Kathryn Garcia, executive director of the Port Authority of New York and New Jersey, said 41 people were taken to hospitals in Queens and that 32 were eventually released.
She said nine people remained in hospital and that some are in serious condition.
“Sadly the two pilots are confirmed deceased and notifications are being made by Air Canada’s care team at this time,” Garcia told a news conference early Monday.
A statement from Jazz Aviation, a regional partner of Air Canada, said 72 passengers and four crew member were on board the plane when it crashed.
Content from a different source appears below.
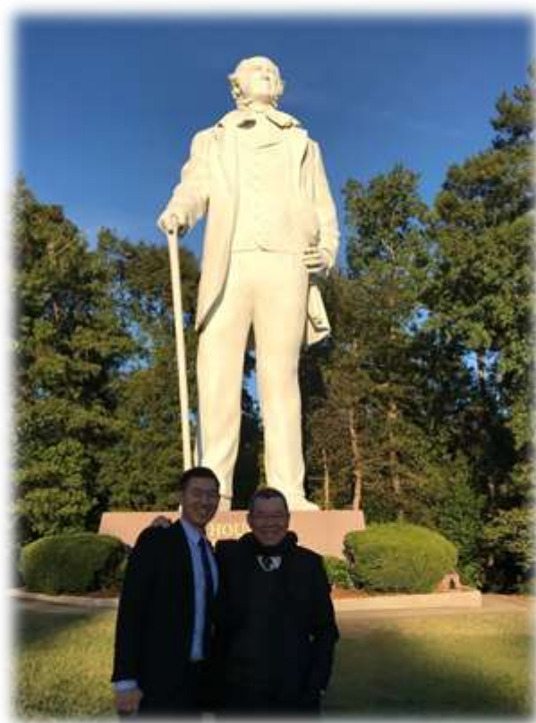
照片 33: 參訪聖休斯頓州立大學-7 (Sam Houston 雕像)

The flight originated at Pierre Elliott Trudeau International Airport in Montreal.
The Port Authority earlier said the aircraft struck a rescue and firefighting vehicle that was responding to a separate incident.
Photos show the jet with its cockpit destroyed, wires and flight controls dangling out from the fuselage. Nearby, a damaged emergency vehicle lay on its side.
Stairways used to evacuate passengers from aircraft were pushed up to the emergency exits on the jet, a Bombardier CRJ.
The pilots were both based out of Canada, Garcia said.
The airport was to remain closed until at least 2 p.m. Monday to facilitate the investigation, which was being led by the National Transportation Safety Board.
The fire truck was travelling across the runway to respond to a separate incident aboard a United Airlines flight, whose pilot had reported “an issue with odour,” said Garcia. She deferred additional questions about the sequence of events leading up to the crash to the NTSB.
In the moments before the crash, an air traffic controller could be heard on a radio transmission giving clearance to a vehicle to cross part of the tarmac, then trying to stop it.
“Stop, Truck 1. Stop,” the transmission says. The controller can then be heard frantically diverting incoming aircraft from landing.
Early Monday, some passengers who had arrived at LaGuardia hours before their flights hoping to beat security lines during the ongoing government funding lapse straggled out of the airport, rebooked for Tuesday. Others were hastening to other airports, as far as Long Island MacArthur in suburban Ronkonkoma, to try to catch their flights.